La presa di posizione di Benedetto XVI che - con molti distinguo e solo in casi eccezionali - pare autorizzare in qualche modo l'uso del preservativo per lottare contro l'HIV è sulle pagine di tutti i giornali. Ma, mentre i giornali in inglese (ma non tutti: per esempio il Financial Times - che pubblica una Reuters -  si comporta in modo diverso) e in francese (per esempio Le Monde) parlano del caso di un maschio che si prostituisce, i  giornali italiani, tedeschi e spagnoli parlano più semplicemente del caso di una donna che si prostituisce (che immagino faccia indossare il condom ai clienti).  Si tratta di un particolare importante perché nel caso di un rapporto tra maschi - che ovviamente non può avere uno scopo procreativo - viene comunque meno la principale motivazione per cui la chiesa è contraria all'uso del preservativo, cioè appunto il fatto che si tratti di un metodo di controllo della fertilità che in qualche modo interferisce con il naturale piano di dio. In più nel primo caso si tratterebbe di un'attenzione all'epidemia di HIV nella comunità omosessuale, mentre nel secondo il papa si focalizzerebbe  sulla diffusione della malattia in Africa.  Mi pare comunque che - andando a controllare il testo originale, come pubblicato ieri dall'Osservatore Romano (poi si tratta di un libro-intervista di un giornalista tedesco, Peter Seewald, e quindi bisognerà andare a controllare l'originale tedesco quando sarà disponibile, visto che esce  il 23 novembre) - sia lampante che il papa parla genericamente di prostituta e non di prostituto, intendendo, immagino, comunque la prostituzione in generale. Quindi una volta tanto hanno ragione i giornali italiani (e tedeschi e spagnoli).

la Repubblica,  New York Times, Financial Times, Süddeutsche Zeitung, El País, l'Osservatore Romano

Update. Per Giuseppe Regalzi (che scrive per il blog Bioetica) è probabile che il testo originale parli di "prostituto" e non di "prostituta". Questo rende, per i motivi che ho ricordato sopra, ancora più prudente la posizione di Benedetto XVI.


Spegnere il megafono

La tragicomica storia del pastore con un piccolo gregge  che usa come strumento di marketing la minaccia di bruciare il Corano, ha riacceso l'annoso dibattito sui media come megafono degli sciroccati.

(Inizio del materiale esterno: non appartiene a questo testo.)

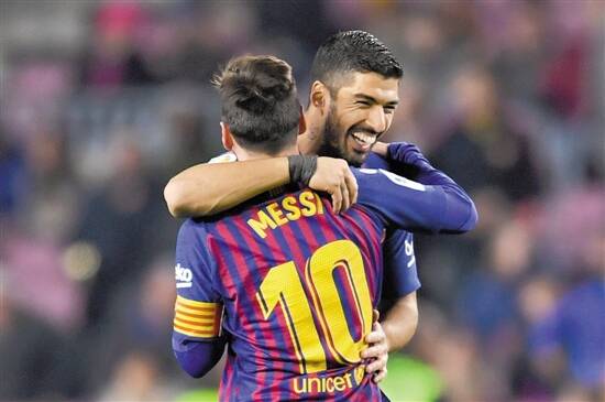 梅西和苏亚雷斯(后)组成巴萨新“MS组合” 图/视觉中国 |

Io, più che il silenzio,  userei il bastone (come il reverendo suggerisce di fare per inculcare un po' di sani principi ai propri figli).

New York Times


Il nichilismo delle cose

Oggi il Papa ha fatto una raffinatissima riflessione sul valore della Sindone come 


simbolo del Sabato Santo, del «nascondimento di Dio», di una «terra di nessuno». [La Sindone] è un’icona che interpella, in tutta la sua attualità, l’umanità oscurata dalle guerre, dalle violenze, e in particolare dagli orrori del secolo scorso.

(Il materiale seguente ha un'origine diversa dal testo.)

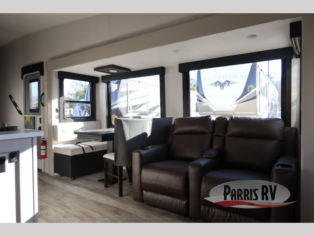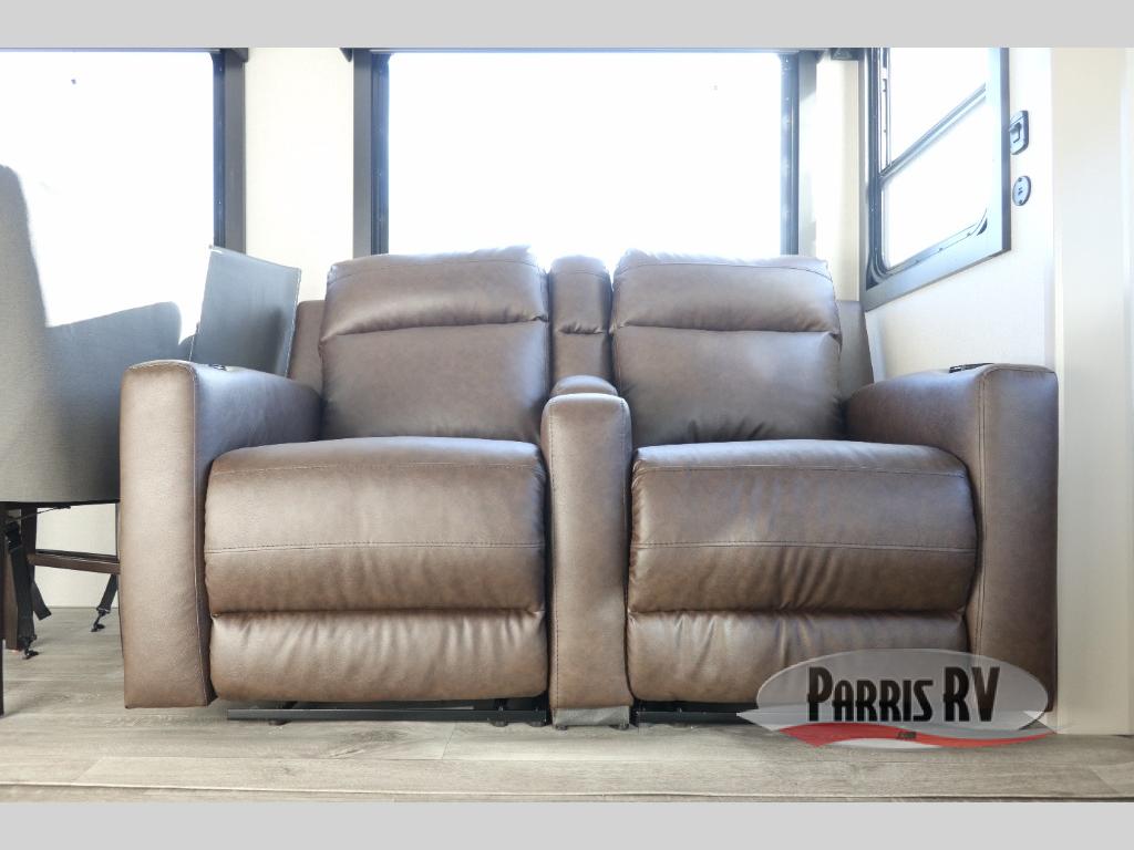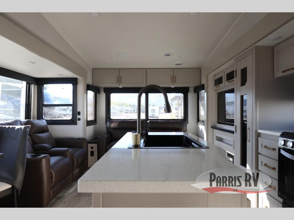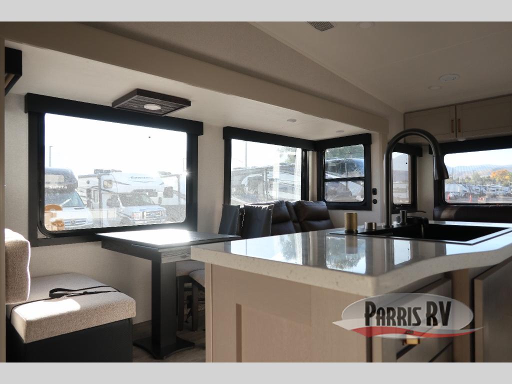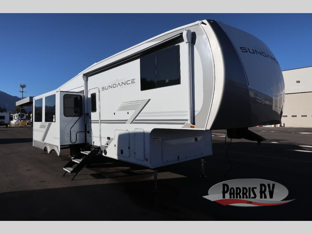 This Sundance Fifth Wheel offers a luxurious living experience on the road! The rear living area is the heart of the RV, featuring a tri-fold sofa that's perfect for relaxation and entertainment. The theater seating provides ample seating for family and friends, while the entertainment center offers endless entertainment options. The kitchen is equipped with a pantry, a kitchen island that offers additional counter space and storage, a refrigerator, a sink that's conveniently located for food preparation and cleanup, and a microwave. Plus, a table with chairs and a bench seat offers a comfortable dining space. The full bathroom is designed for comfort and convenience, providing a private space for personal care. The serene front bedroom features an Olympic bed that provides a comfortable sleeping space

Poi, però la UTET gli ha  regalato "Sindone"

opera, di grande formato (38x42 centimetri), a tiratura limitata e numerata unica al mondo (499 esemplari in numeri arabi, 80 in numeri romani, 20 hc fuori commercio), [che]  contiene immagini della Sindone realizzate per la prima volta ad altissima risoluzione da Haltadefinizione (Hal9000).

E - grazie a questo incubo ad alta risoluzione - tutta la poesia del nascondimento di Dio è scomparsa per lasciare spazio alla materialità di un telo di lino dipinto. E questa volta non c'entra nulla l'illuminismo.